Yale exposed his works at the exhibition of the Industrial Painters Group in 1962. Terence Cuneo was the association's president as well as one of the featured artist. The exhibition was at Guildhall in the City of London. Others artists at the exhibition with Yale included Charlotte Halliday, daughter of artist Edward Halliday, Druie Bowett, Hermione Hammond, painter Harry Baines, husband of artist Pauline Baines, and others.

In 1966, Yale received with his wife at their home in Montreal Miss Lillian Chartrand, to be married with the Chief Justice of Canada, John Richard, appointed by Prime Minister Jean Chrétien. In 1968, Yale designed an annual memorative envelope on Shakespeare's birthday, in black on yellow, depicting a miniature reproduction of the page of The First Folio edition of Shakespeare, and some drawings of his characters such as Julius Caesar and King Lear. The envelopes were made under the Stratford-upon-Avon Philatelic Society, members of the Association of British Philatelic Societies, seated at Stratford-on-Avon Racecourse.

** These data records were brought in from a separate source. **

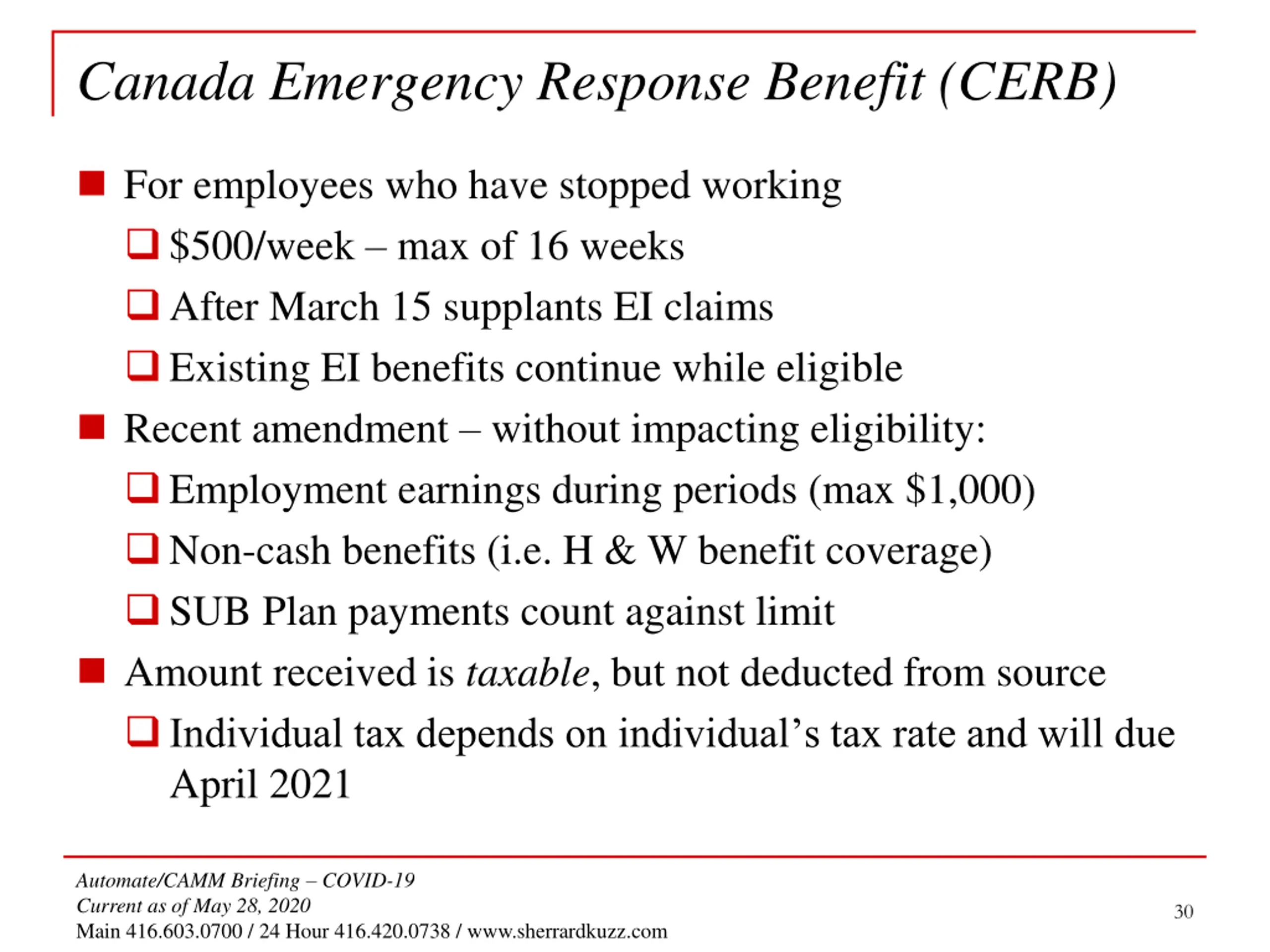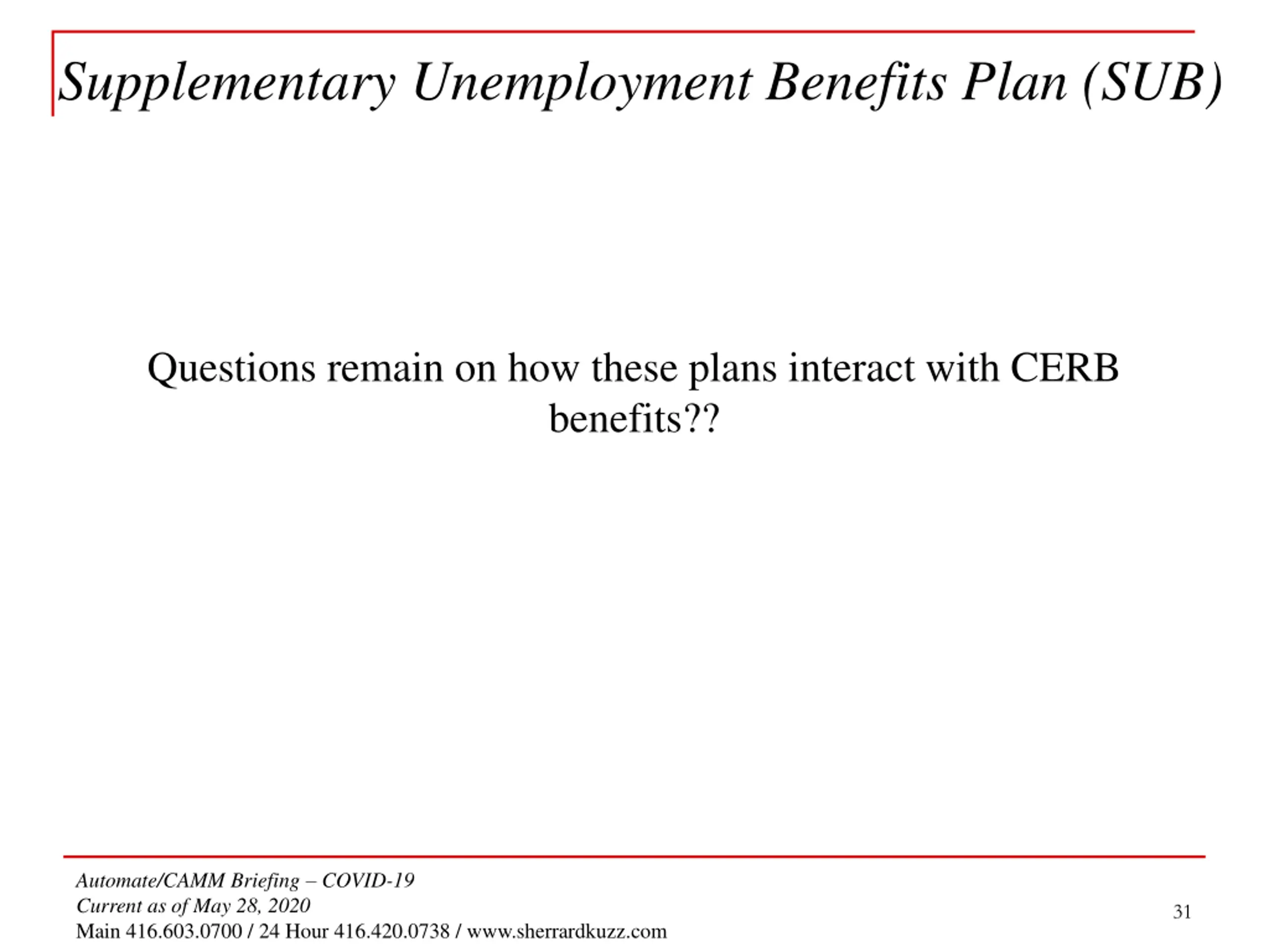 Canada Emergency Response Benefit (CERB) For employees who have stopped working $500/week max of 16 weeks After March 15 supplants EI claims Existing EI benefits continue while eligible Recent amendment without impacting eligibility: Employment earnings during periods (max $1,000) Non-cash benefits (i.e. H & W benefit coverage) SUB Plan payments count against limit Amount received is taxable, but not deducted from source Individual tax depends on individual s tax rate and will due April 2021 Automate/CAMM Briefing COVID-19 Current as of May 28, 2020 Main 416.603.0700 / 24 Hour 416.420.0738 / www.sherrardkuzz.com 30
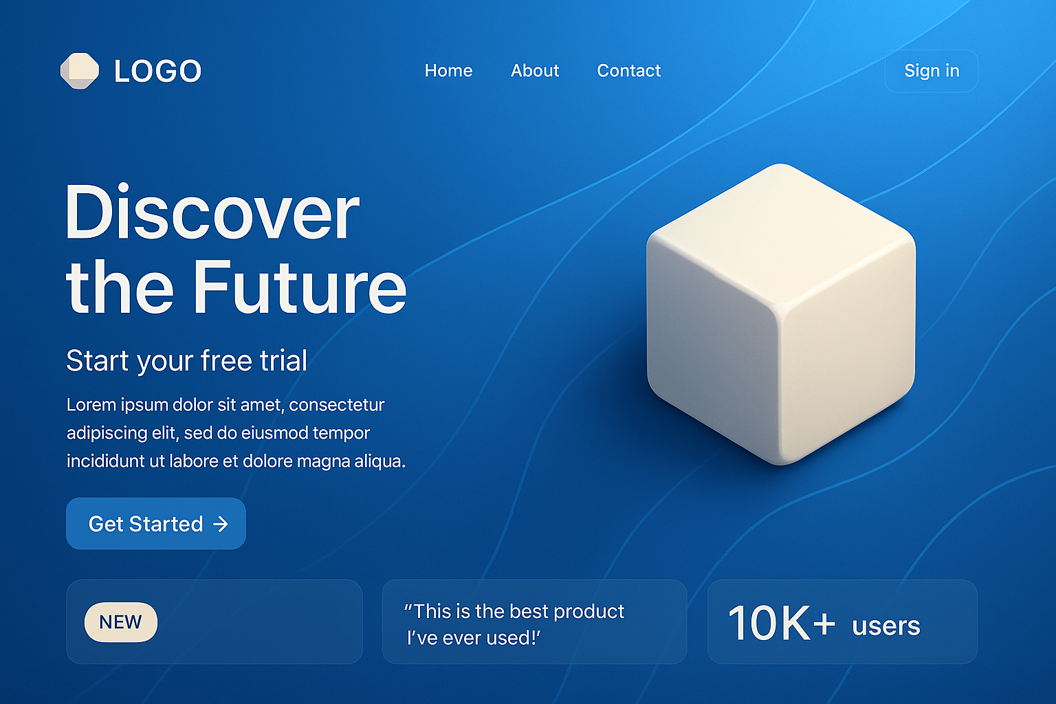 /Collection: /by davooda/Type: PNG/A professional landing page layout featuring a blue gradient background and geometric elements. Includes bold typography, a call-to-action button, and user stats.
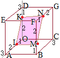 とし,OD2:1に内分する点をKOA1:2に内分する点をLとする。BF上の点MFG上の点NおよびK, Lの4点は同一平面上にあり,四角形KLMNは平行四辺形であるとする。
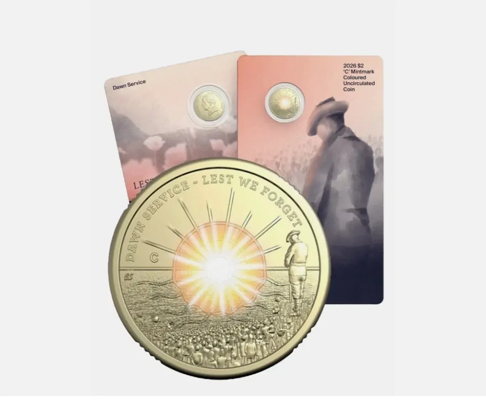 Each year on 25 April, Australians gather at dawn to remember those who served and sacrificed. This coloured $2 coin commemorates the Dawn Service—an enduring ritual of reflection held across Australia and at key sites overseas, including Gallipoli. In 2020 and 2021, when public services were restricted, many observed the dawn from their driveways, reaffirming the place this tradition holds in our national memory.

In 1969, for the commemoration of William Shakespeare's birthday, he designed a second serie of special envelopes showing characters from "The Merry Wives of Windsor", played at the Royal Shakespeare Theatre in England, property of the Royal Shakespeare Company. It was also issued by the Straford-upon-Avon Philatelic Society.

John Yale died in 1998 in Ludlow, Shropshire, England, near Birmingham. His mother Claire Yale had died one year before in 1997. His son, Jean Yale, was a radio host and worked in Montreal and Paris with artists Charles Dullin, René Simon and Sita Riddez. He also worked with artists Paul Guèvremont, Jacques Auger, Jean Desprez and Marcelle Barthe, Royal tour commentator of the young Princess Elizabeth of England.